LiquidFiles Documentation
LiquidFiles Documentation

Full Disk Encryption

This article outlines how to encrypt the filesystem on Ubuntu based LF v4.x appliance. The setup utilizes LVM and LUKS to facilitate the secure encryption of your hard drive. The encryption used by Ubuntu is employing the Advanced Encryption Standard (AES) with a 256-bit key, a standard that is widely recognized for its strength and resilience against brute-force attacks. Before you start though, please beware of a couple of important caveats:

  • It will most likely cause noticeable performance degradation. Depending on what you use LiquidFiles for, network speed, system load and how critical transfer speeds are, this may or may not be a problem.
  • You will need to type a long random password on the console every time the machine boots, or reboots. There’s no way around this while still maintaining security.
  • It will prevent things like filesystem expansion. If you want to change the disk size, you will have to re-install the system and migrate the data across.
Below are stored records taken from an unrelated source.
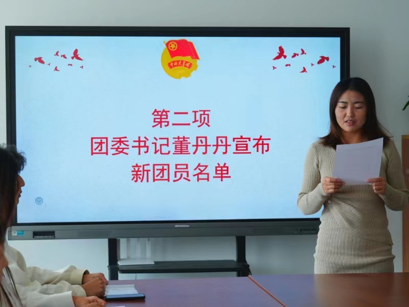 入团仪式在庄严的国歌声中隆重拉开帷幕。首先由董丹丹宣读新发展团员名单并对新入团的共青团员表示祝贺,她表示,希望全体团员青年时刻以一名共青团员的标准严格要求自己。随后,领誓人张绍洋带领大家进行入团宣誓,全体新老团员高举右拳,以饱满的精神面貌向团组织坚定表明为共产主义事业而奋斗的理想信念。最后,杨馥亦代表老团员发言并向新发展团员们发出坚定信念,增长才干,贡献青春力量的倡议。
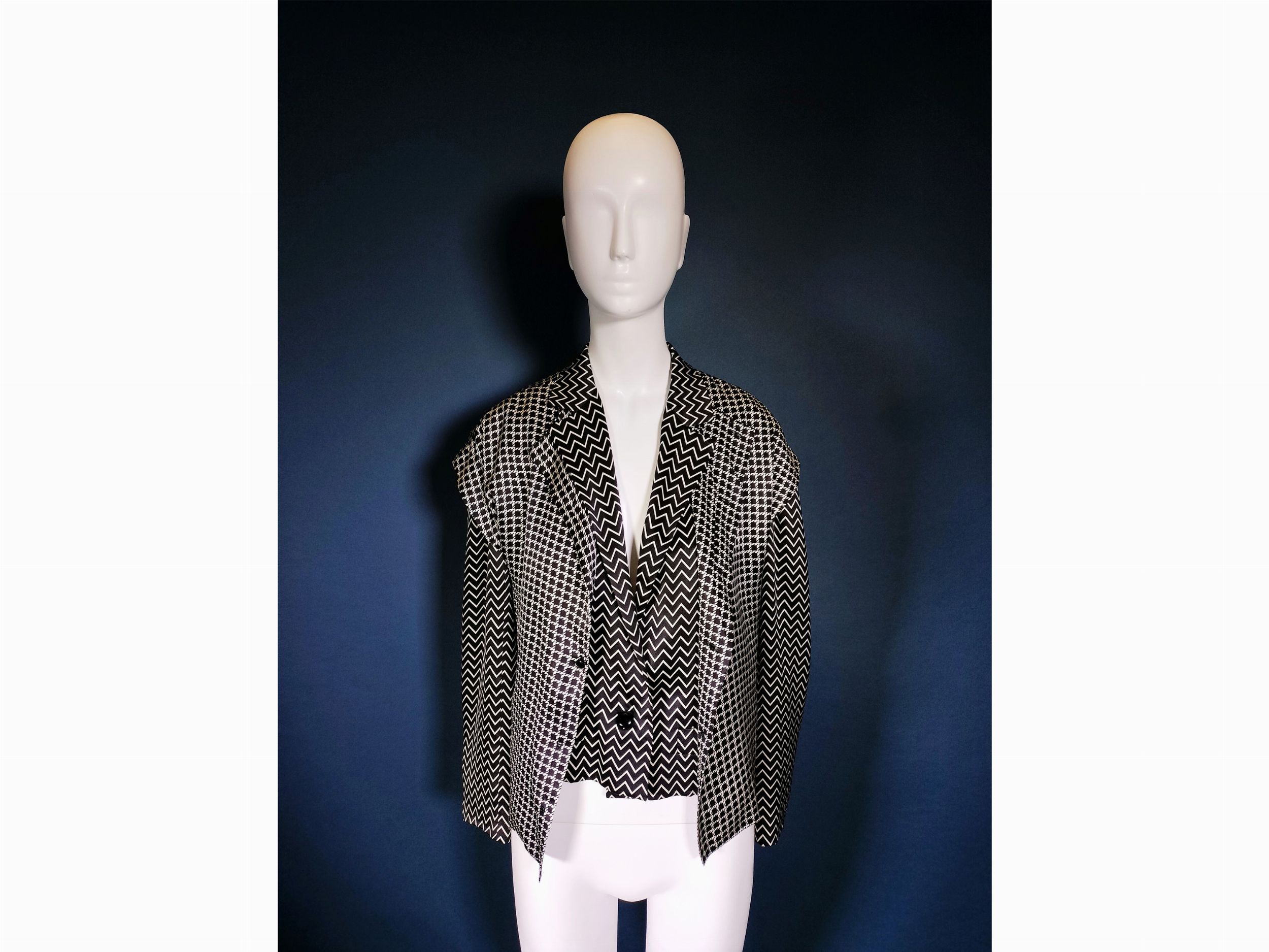 Estate 1982 di una giacchina in seta con taschino, motivo a zig zag nero e bianco, abbinato ad un gilet sempre in seta firmato Christian Dior
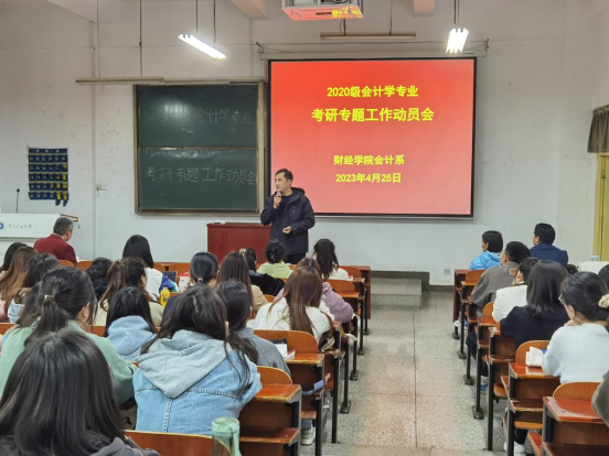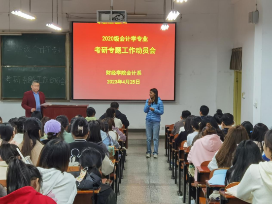 动员会上,学工办主任冯莉首先为同学们介绍了会计学专业2019级研究生考试的大体情况数据,她强调报考时一定要事先了解各大高校往年的报考人数以及录取人数,和导师之间要有所沟通,争取以最大的把握被录取。她鼓励同学们认真踏实复习、科学选择学校、积极应对考试,通过自己的努力取得好成绩。

How to configure disk encryption

When installing LiquidFiles, please select to use the custom storage option as showed in the boot menu.

Proceed with Install

In the Guided storage configuration select "Encrypt the LVM group with LUKS" option and enter your passphrase. Please make sure that it's a good random phrase.

Next you will be directed to the partitioning page with a pre-populated LVM partition. If check, you will see that there is a default LVM mounted which is not encrypted (ubuntu-lv). We need to unmount and delete it.

After we have deleted the ubuntu-lv we are ready to create the new encrypted Logical Volume.

After all, your partitions should look like that.

When you're finished, please click Done and confirm we can start with the installation.

The installation will take some time. When the installation is completed you can optionally check full log and then reboot the server.

Note: Before the reboot please double check if on the screen are not any spinning elements indicating the installation is still running.

When the server will start from now on, every time the disk boots, you will be prompted to enter the passphrase.

There’s no way of recovering the encryption key, if you loose it, you will loose your data.

There’s no way of automating the boot, you have to enter the encryption key on the console every time.

Also, please note that you won't be able to expand the disk after it's been encrypted. If you want to expand the disk, you will have to re-install the system and migrate the data over.